Padahal pada kenyataannya masyarakat kita masih mengandalkan air sungai
sebagai sumber air untuk berbagai keperluan sehari-hari seperti mandi, mencuci,
dan kakus. Sedih melihat keadaan seperti ini, sangat ironis bukan? Sehingga
predikat Kota Cantik namun tata kelola sampah tidak benar dan penggunaan TPA
yang tidak maksimal perlu dipertanyakan.
Masyarakat yang bermukim tidak jauh dari pasar, pengelolaan sampahnya
pun tidak menunjukkan akan kesadaran pentingnya menjaga lingkungan. Hal ini
dibuktikan dengan masih adanya masyarakat yang membuang sampah
disembarangan tempat sehingga menyebabkan tumpukan sampah yang
menyebabkan pencemaran lingkungan, penurunan kesehatan lingkungan, dan
masyarakat sekitar. Begitu juga dengan tempat pembuangan sampah sementara
(TPS) yang ada dipasar tersebut hanya dikhususkan untuk menampung sampah
rumah tangga saja, tetapi pada kenyataannya sampah yang berasal dari pertokoan
besar yang sampahnya dapat dikelompokan sebagai sampah skala industri turut
ikut serta membuang limbah yang dapat menggangu kenyamanan pemandangan
kota ini. Ironis memang, sisi ekonomis yang diperhitungkan oleh sebagian
pengusaha dan pedagang tanpa memperhatikan sisi ekologinya merupakan bukti
kecil bahwa lemahnya kesadaran kita akan penting serta manfaat dari keramahan
lingkungan itu sendiri.
Masih adanya perilaku masyarakat yang membuang sampah secara
sembarangan juga terlihat pada sebagian TPS yang ada, sampah rumah tangga
yang dibuang dibiarkan berhamburan tercecer keluar dari tempat yang sudah
disediakan sehingga menyebabkan adanya sebagian tumpukan sampah yang
berserakan diluar TPS hingga berserakan dijalan sehingga sering menggangu
pengendara maupun pejalan kaki yang melewati TPS yang berada dijalan tersebut.
SOLUSI
Pemerintah harus serius memecahkan berbagai persoalan di atas, sehingga
permasalahan tersebut dapat ditanggulangi dengan cepat, bukan hanya sebatas
dengan himbauan dan ajakan. Menurut hemat penulis ada berbagai cara untuk
menyelesaikan persoalan diatas antara lain dengan mengadakan kerja bakti gotong
royong yang dilaksanakan setiap seminggu sekali. Kegiatan ini dapat melibatkan
banyak masyarakat bekerjasama dengan RT/RW setempat, Kelurahan,
Kecamatan, instansi terkait dalam hal ini Dinas Pasar Kebersihan, Dinas
Pertamanan Tata Kota, Pemerintah Kota, TNI/Polri, Pelajar, dan Civitas
Akademika sehingga akan terbangun dan terwujudnya kota bersih sampah.

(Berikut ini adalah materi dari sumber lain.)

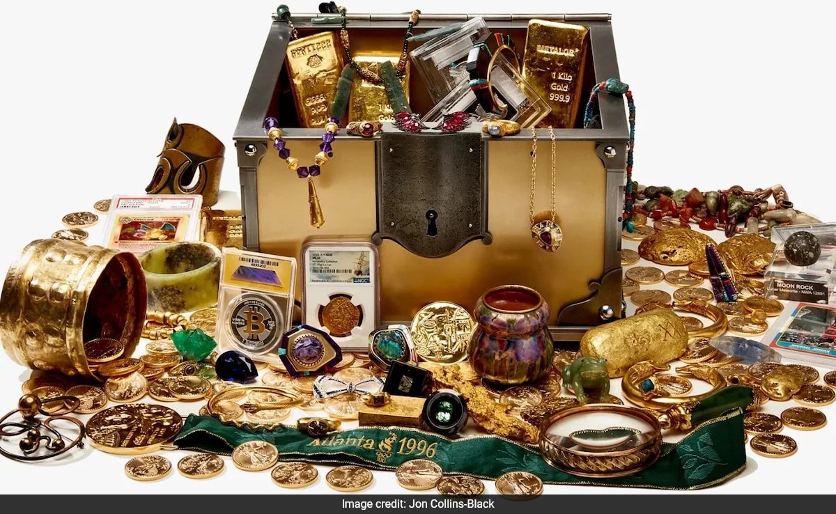 Los cofres del tesoro están llenos de artículos extraordinarios, incluidos doblones de oro, cartas Pokémon raras, un bitcoin valorado en casi 100.000 dólares y artefactos históricos como un broche de diamantes y zafiros que alguna vez perteneció a Jacqueline Onassis. Se pueden encontrar cinco pistas de cofres ocultos en el libro de Collins-Black, Hay un tesoro dentroque presenta rompecabezas y mapas para guiar a los exploradores.

Gencarkan gerakan kebersihan, ajak warga sekitar untuk bersihkan lingkungan,
terus lakukan penghijauan kota, pelihara terus hutan kota, libatkan masyarakat
setempat untuk ikut berpartisipasi sekaligus mendukung cita-cita meraih kembali
piala Adipura yang telah lama tidak singgah di kota yang memiliki predikat
sebagai Kota CANTIK yang disandang oleh daerah ini.